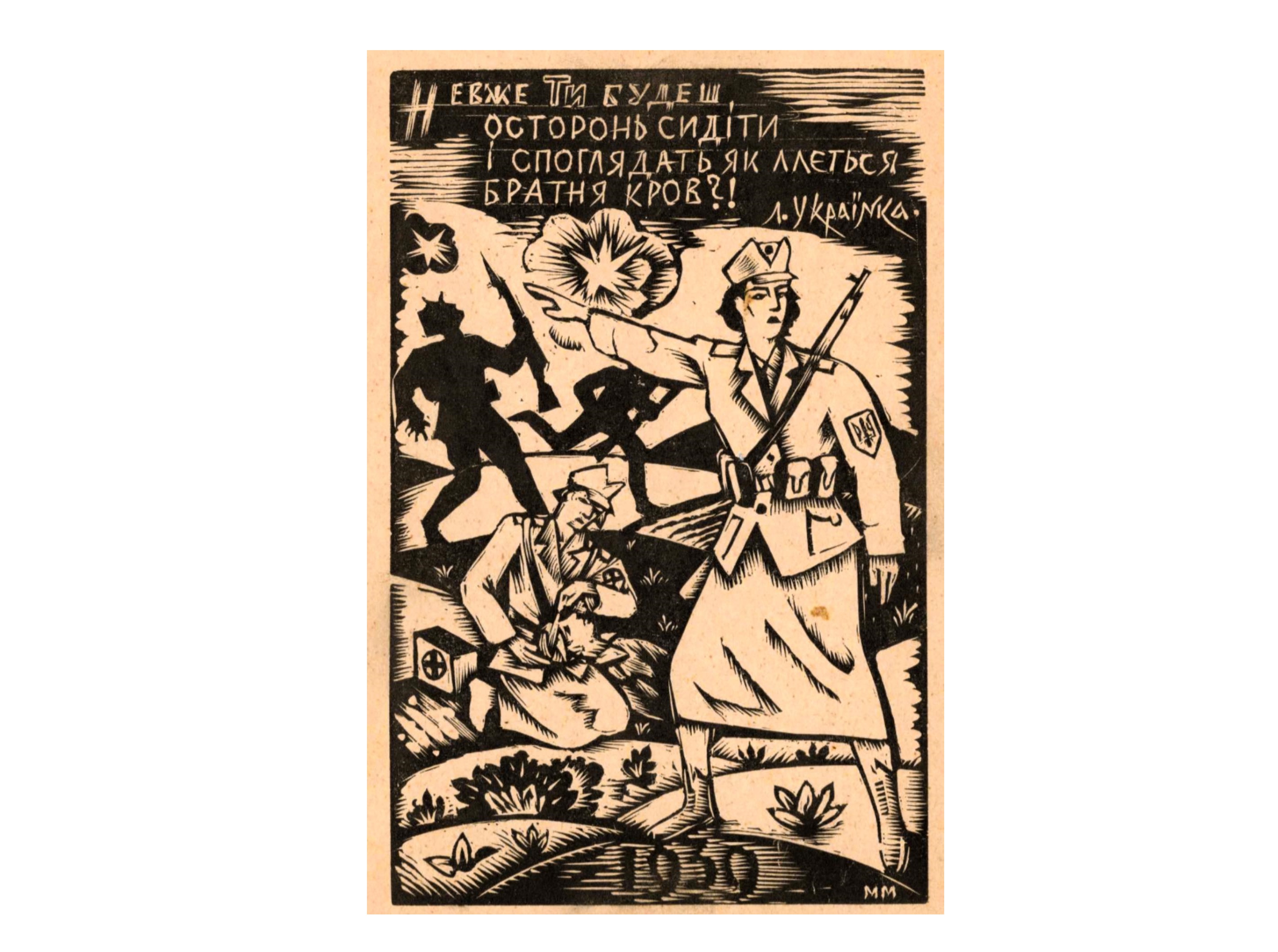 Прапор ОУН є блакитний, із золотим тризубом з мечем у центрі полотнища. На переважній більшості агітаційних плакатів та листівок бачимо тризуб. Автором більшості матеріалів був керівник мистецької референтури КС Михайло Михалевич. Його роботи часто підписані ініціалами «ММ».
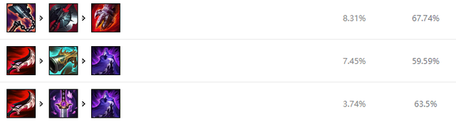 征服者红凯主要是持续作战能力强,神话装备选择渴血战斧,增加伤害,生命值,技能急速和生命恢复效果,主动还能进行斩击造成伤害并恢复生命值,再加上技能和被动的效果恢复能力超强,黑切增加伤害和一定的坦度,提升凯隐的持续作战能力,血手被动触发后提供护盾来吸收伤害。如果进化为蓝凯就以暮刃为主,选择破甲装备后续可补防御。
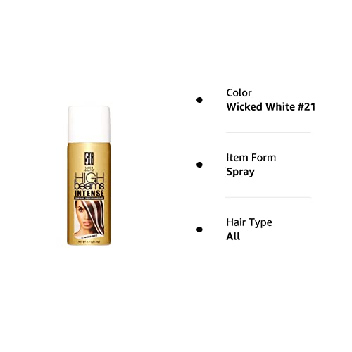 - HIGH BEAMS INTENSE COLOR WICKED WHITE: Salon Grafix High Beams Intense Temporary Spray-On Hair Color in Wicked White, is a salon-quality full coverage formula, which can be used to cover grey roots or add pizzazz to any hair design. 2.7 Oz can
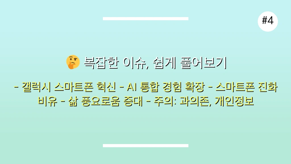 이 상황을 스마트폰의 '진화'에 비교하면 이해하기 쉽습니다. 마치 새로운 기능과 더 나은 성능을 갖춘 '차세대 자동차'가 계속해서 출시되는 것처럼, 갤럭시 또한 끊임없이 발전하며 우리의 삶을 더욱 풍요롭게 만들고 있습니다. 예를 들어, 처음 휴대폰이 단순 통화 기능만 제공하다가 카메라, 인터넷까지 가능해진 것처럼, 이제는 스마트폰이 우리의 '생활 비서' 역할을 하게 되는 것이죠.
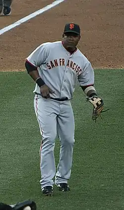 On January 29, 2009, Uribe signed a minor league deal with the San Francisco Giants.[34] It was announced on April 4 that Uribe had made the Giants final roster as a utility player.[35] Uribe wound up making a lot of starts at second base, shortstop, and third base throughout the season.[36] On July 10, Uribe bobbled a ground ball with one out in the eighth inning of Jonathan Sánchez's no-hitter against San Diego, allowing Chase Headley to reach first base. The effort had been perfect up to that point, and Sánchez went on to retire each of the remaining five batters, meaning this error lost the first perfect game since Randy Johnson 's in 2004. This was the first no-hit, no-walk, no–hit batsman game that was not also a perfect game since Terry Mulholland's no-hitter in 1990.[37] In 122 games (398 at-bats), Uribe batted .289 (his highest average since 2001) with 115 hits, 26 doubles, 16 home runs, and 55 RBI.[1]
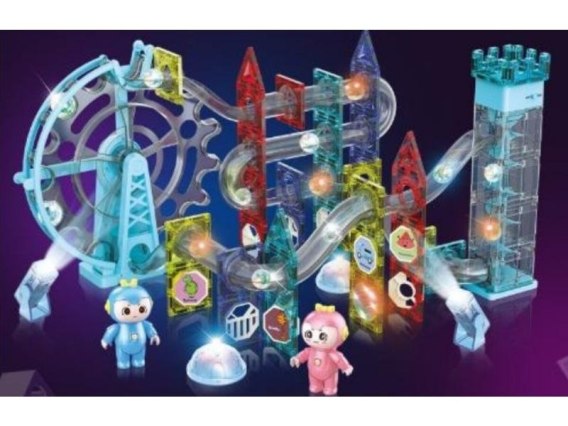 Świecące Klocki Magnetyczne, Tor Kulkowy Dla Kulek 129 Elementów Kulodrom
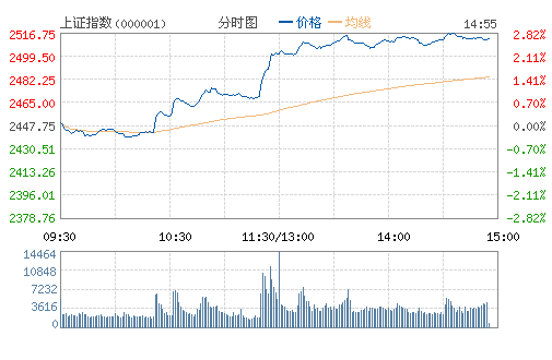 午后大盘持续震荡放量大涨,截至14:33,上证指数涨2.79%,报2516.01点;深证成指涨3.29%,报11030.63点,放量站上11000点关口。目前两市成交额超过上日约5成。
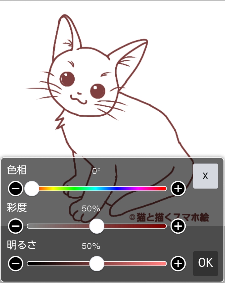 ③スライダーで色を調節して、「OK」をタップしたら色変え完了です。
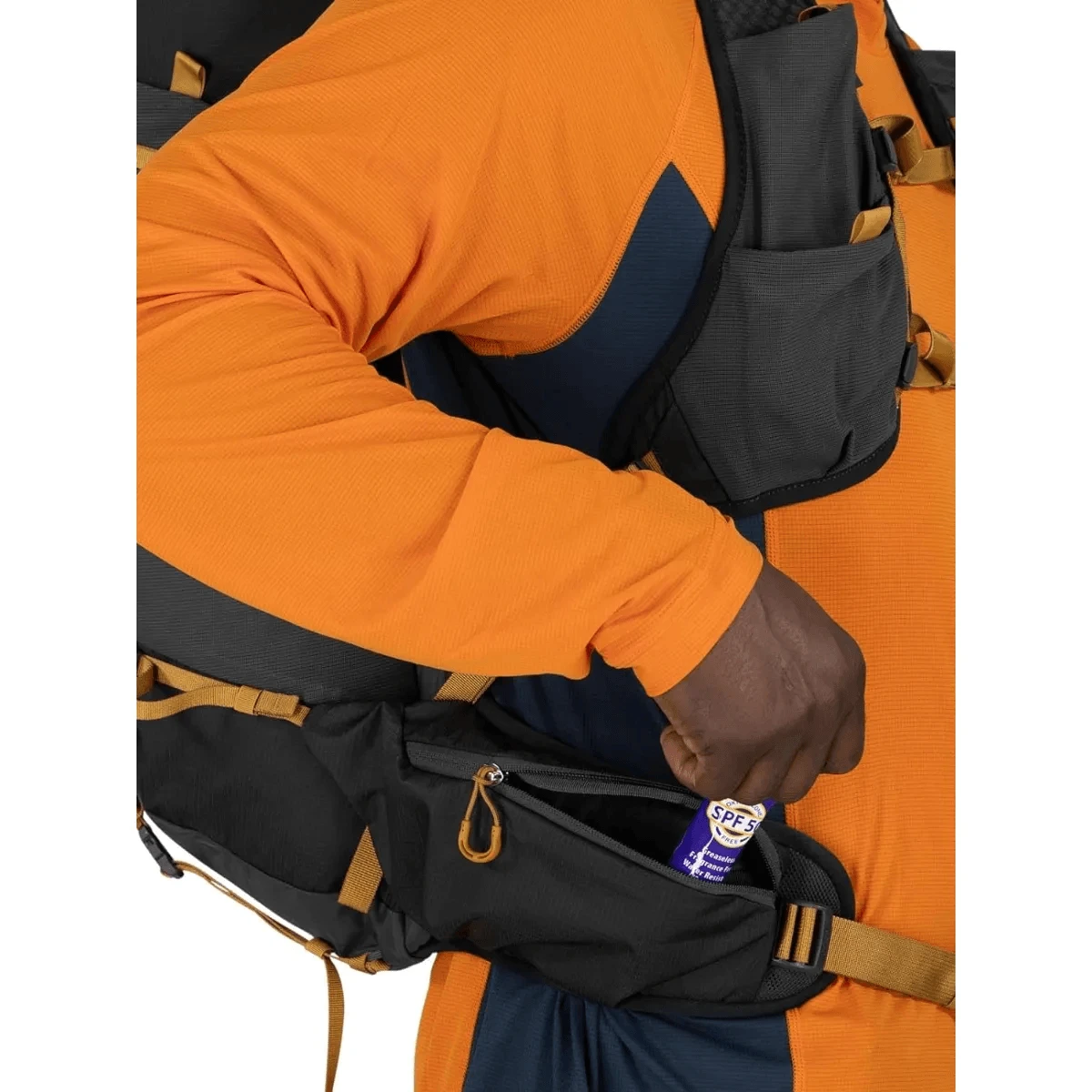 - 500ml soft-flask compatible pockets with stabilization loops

——

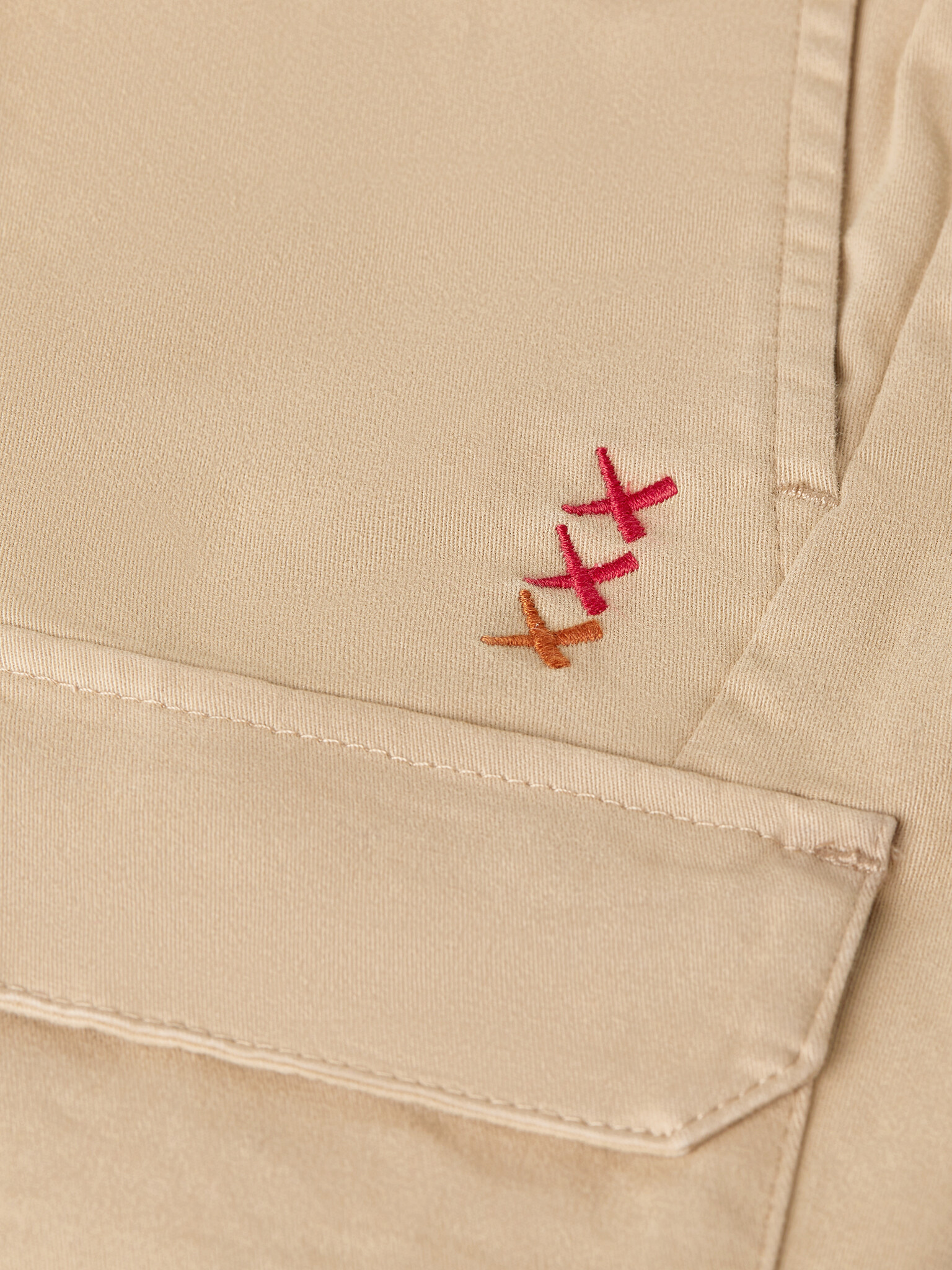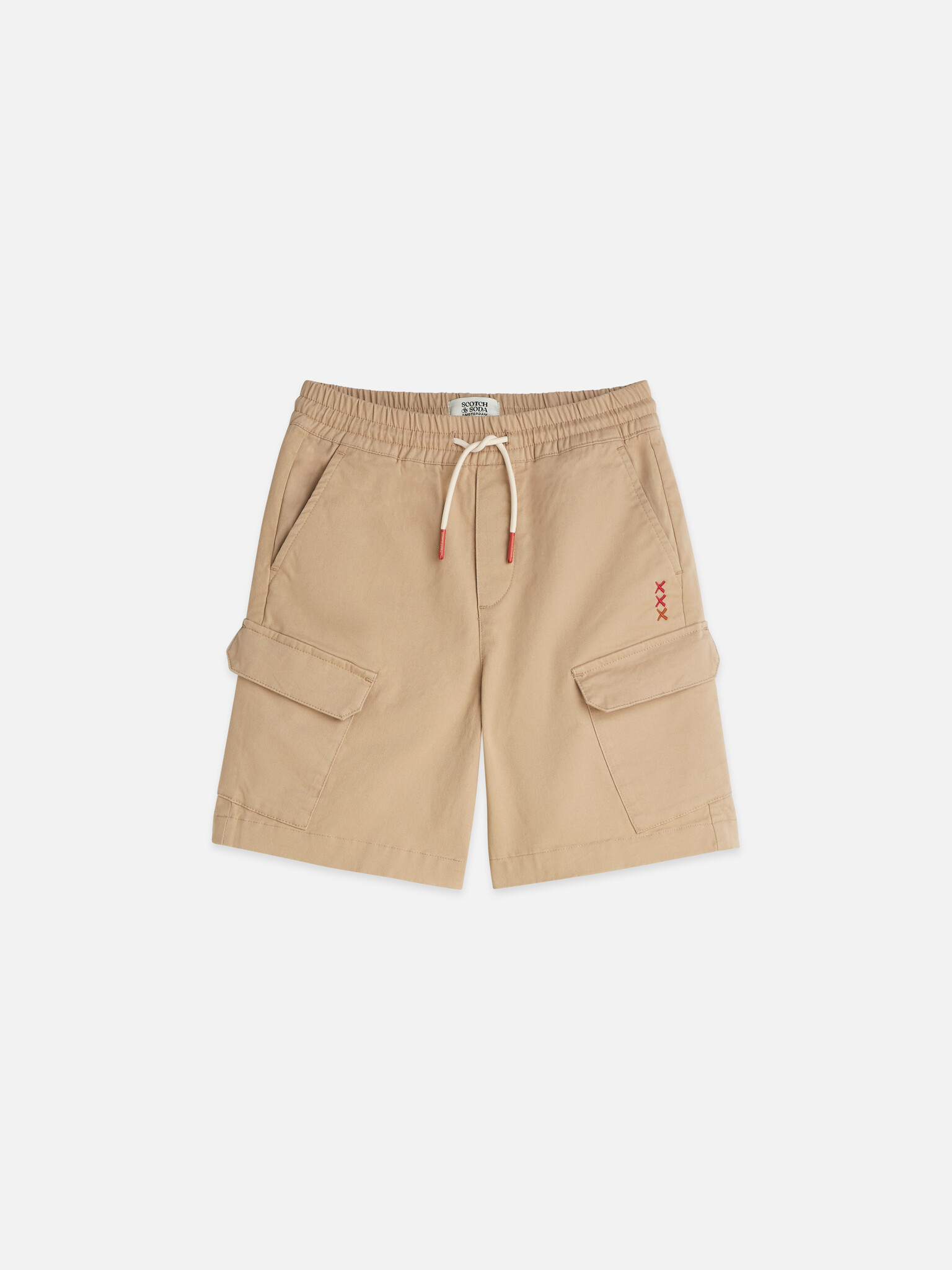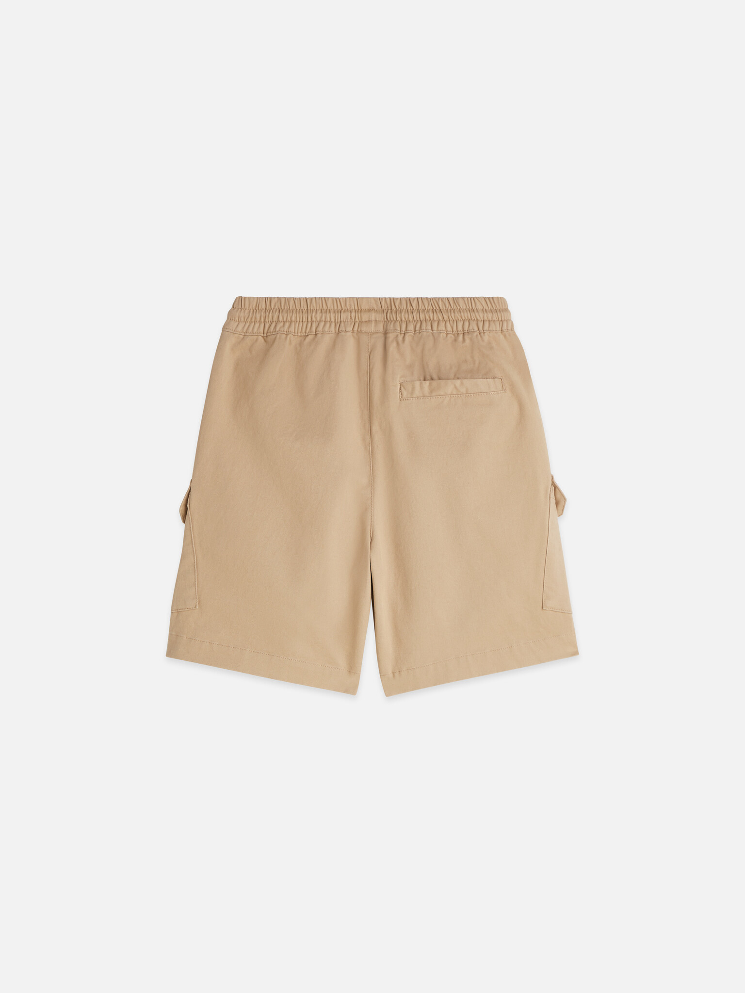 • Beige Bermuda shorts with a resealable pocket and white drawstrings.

——

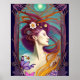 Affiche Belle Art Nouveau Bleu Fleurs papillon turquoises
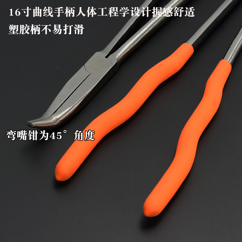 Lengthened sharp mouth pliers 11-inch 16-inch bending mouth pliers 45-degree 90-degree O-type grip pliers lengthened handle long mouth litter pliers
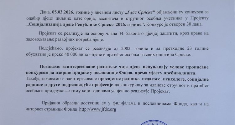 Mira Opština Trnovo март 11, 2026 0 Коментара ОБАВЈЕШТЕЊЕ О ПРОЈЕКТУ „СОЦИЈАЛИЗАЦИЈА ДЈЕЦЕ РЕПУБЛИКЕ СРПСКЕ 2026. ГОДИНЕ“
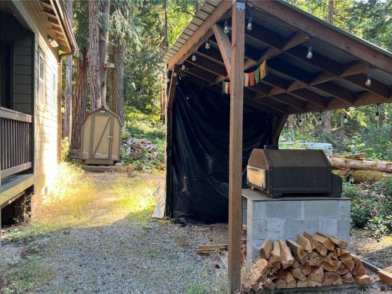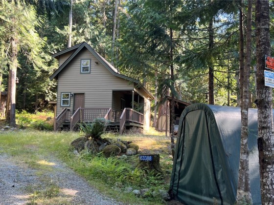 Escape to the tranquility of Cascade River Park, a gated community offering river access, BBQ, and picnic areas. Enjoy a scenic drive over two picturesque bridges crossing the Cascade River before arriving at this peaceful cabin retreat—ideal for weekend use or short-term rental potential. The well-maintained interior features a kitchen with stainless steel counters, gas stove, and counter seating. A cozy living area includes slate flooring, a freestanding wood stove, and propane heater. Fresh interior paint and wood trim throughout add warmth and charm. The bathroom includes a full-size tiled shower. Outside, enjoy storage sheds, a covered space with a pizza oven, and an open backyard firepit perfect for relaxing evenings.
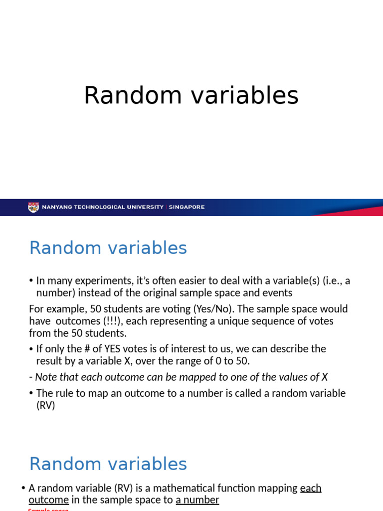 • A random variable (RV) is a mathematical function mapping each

——

TASK ITEM:
Nothing but the lines from the one with "Świecące Klocki Magnetyczne, Tor" to the one with "- 500ml soft-flask" above, both included, should be transcribed, exactly and without pictures.

ANSWER BOX:
 Świecące Klocki Magnetyczne, Tor Kulkowy Dla Kulek 129 Elementów Kulodrom
 午后大盘持续震荡放量大涨,截至14:33,上证指数涨2.79%,报2516.01点;深证成指涨3.29%,报11030.63点,放量站上11000点关口。目前两市成交额超过上日约5成。
 ③スライダーで色を調節して、「OK」をタップしたら色変え完了です。
 - 500ml soft-flask compatible pockets with stabilization loops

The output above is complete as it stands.